Webエンジニアの森脇です。
今更ながら、Embulkを使う必要がでてきたので、素振り兼ねてAWS請求情報(S3)をDBへ格納しRedashで可視化できるようにしました。
背景
AWSの費用は管理コンソールの「コストエクスプローラー」で確認できますが、コンソールへのログインはMFAを使用していることもあり、確認が面倒という課題がありました。(アクセス兼がないメンバーもいる)

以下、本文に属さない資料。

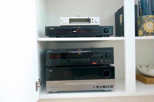 Technisch gezien is dat geen probleem, maar mooi is anders. Het ene zilver is het andere niet en ook de breedtes van de toestellen zijn niet altijd gelijk. Daarom zou je het stapeltje apparaten liefst in je nieuwe kast verstoppen. Dat kan wel, maar het schept problemen naar de bediening toe. En telkens het deurtje openzetten als je een streepje muziek wil horen of even het nieuws wil bekijken, dat werkt ook niet echt handig.
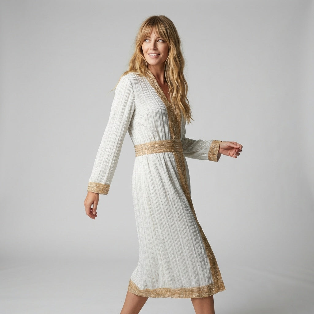 This is a stunning 1960s '70s era silver white and gold metallic Goddess party dress The fabric on this dress is gorgeous. It is a type of metallic lamé or tinsel fabric with a pleated or ribbed texture and a bit of stretch. The base color is white and the tinsel is silver throughout. This is made of polyester with stretchy feel to fabric and talon back zipper. The base accents along the neck, front waist, and hem lines are in gold fabric with silver tinsel. Best fit 6/8 or medium.
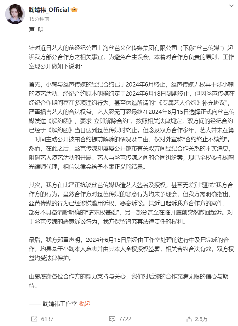 刚刚,鞠婧祎_Official 发布声明,称鞠婧祎与丝芭传媒的经纪合约已于2024年6月终止,合约原定2024年6月18日到期终止,但因丝芭传媒存在多项违约行为,甚至伪造补充协议,因此艺人在2024年6月15日要求解除合约。
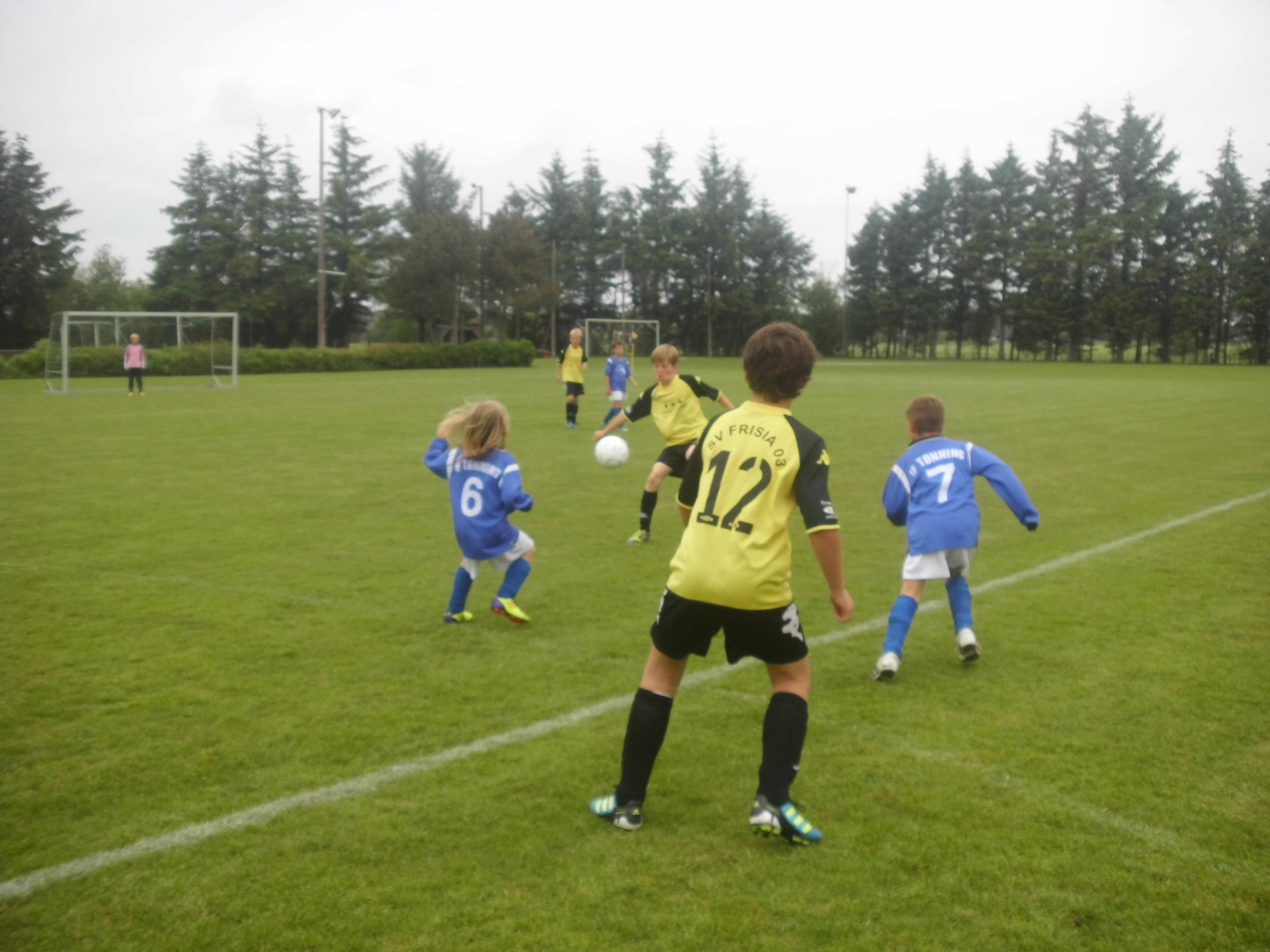 8 : 1 Heimsieg für die E II gegen die SG Friedrichstadt/Seeth II am 30.10.2010 Im vorletzten Heimspiel unserer E II kamen wir am 30.10.2010 zu einem ungefährdeten 8:1 Heimsieg (Halbzeit 4:0) gegen die SG Friedrichstadt-Seeth II. Die gesamte Mannschaft bot eine gute Leistung! Herausragend waren Jonas Lemster im Tor und Gian-Luca Otzen auf der linken Abwehrseite. Besonderheit des Spiels: Mats Peters erzielte in jeder Halbzeit jeweils einen Hattrick und verwandelte 2 Ecken in Folge direkt! Die Chancen auf den Staffelsieg stehen jetzt äußerst gut nach 6 Siegen in 7 Spielen mit 18 Punkten und 47 erzielten Toren (6,7 pro Spiel). Tönning, 30.10.2010 - Andree Peters

エンジニア全員に、気軽にAWSの費用感をつかんでもらうために、日々参照しているRedashで可視化することにしました。
構成
事前準備として、以下の設定を参考に、AWSの請求情報をS3に配信しておきます。
Embulkを利用して、S3上のCSVをダウンロードし、DB(PostgreSQL)へロードします。DBのデータをRedashで参照する構成をとりました。
Embulkの実装
インストール
curl --create-dirs -o ~/.embulk/bin/embulk -L "https://dl.embulk.org/embulk-latest.jar" chmod +x ~/.embulk/bin/embulk echo 'export PATH="$HOME/.embulk/bin:$PATH"' >> ~/.bashrc source ~/.bashrc
S3からのCSVデータ取得
embulkはIN/OUT毎に各種データソースへ接続するための、豊富なプラグインが用意されています。 S3へからのデータ取得には、embulk-input-s3を使います。
embulk gem install embulk-input-s3
inに、以下のように定義します。auth_method: instanceとすることで、IAM Roleを利用して認証もできます。
in: type: s3 bucket: [バケット名] endpoint: s3-ap-northeast-1.amazonaws.com path_prefix: [AWSアカウントID]-aws-billing-csv- auth_method: instance
guess機能でconfigファイルを生成
まず、guessを利用してymlを作成します。必要最低限の情報を、seed.ymlにinの情報を定義します。
in: type: s3 bucket: [バケット名] endpoint: s3-ap-northeast-1.amazonaws.com path_prefix: [AWSアカウントID]-aws-billing-csv- auth_method: instance out: type: stdout
guessコマンドを実行します。
embulk guess seed.yml -o config.yml
読み取ったデータを元に、設定ファイルを生成してくれます。
in: type: s3 bucket: [バケット名] endpoint: s3-ap-northeast-1.amazonaws.com path_prefix: [AWSアカウントID]-aws-billing-csv- auth_method: instance parser: charset: UTF-8 newline: LF type: csv delimiter: ',' quote: '"' escape: '"' trim_if_not_quoted: false skip_header_lines: 1 allow_extra_columns: false allow_optional_columns: false columns: - {name: InvoiceID, type: string} - {name: PayerAccountId, type: long} - {name: LinkedAccountId, type: string} - {name: RecordType, type: string} - {name: RecordID, type: long} - {name: BillingPeriodStartDate, type: timestamp, format: '%Y/%m/%d %H:%M:%S'} ・・略・・ out: {type: stdout}
ここから、columnsのnameをDBのカラム名に変更したり、typeがlong型では桁数が足りなかったため、stringに変更したりと微調整しました。
PostgreSQLへの格納
PostgreSQLへのロードには、embulk-output-postgresqlを使います。
embulk gem install embulk-output-postgresql
outに、DBの接続情報を定義します。今回対象とするAWSの請求CSVファイルは、同じファイル名で日々データが更新されるため、毎日の実行時に既に存在するレコードは更新する必要がありました。 modeにmergeを指定することで、merge_keysで指定したカラムをキーにmerge処理を行ってくれます。
out: type: postgresql host: localhost user: [DBユーザ] password: [DBパスワード] database: [DB名] table: [テーブル名] mode: merge merge_keys: - record_id
実行
dry-runを行える、previewコマンドがあるため、previewでエラーがないことを確認します。
embulk preview config.yaml
エラーが無ければ、runコマンドで正式実行します。
embulk run config.yml
実行完了するとDBにデータが格納されます。
select count(*) from [テーブル名]; count ------- 2740
Redashでの可視化
今回ロード対象としたCSVデータは、月別の費用が記録されているため、 月別 x AWSサービス別の積み上げグラフを作成しました。
select to_char(billing_period_start_date,'yyyy/mm') as billing_month ,product_code ,sum(total_cost) as total_cost from [テーブル名] group by billing_month ,product_code order by billing_month
※ 突出している月は、RIを購入した月です。
可視化すると、サービス別の費用感がわかりやすくなり、コスト削減するにはどこに注力すべきかが明確になりました。
まとめ
- Embulkは学習コストほぼなしで、非常に簡単に実装できます。
- Embulkは各種プラグインが用意されており、データ転送バッチ処理として実現したいことはほぼできそう。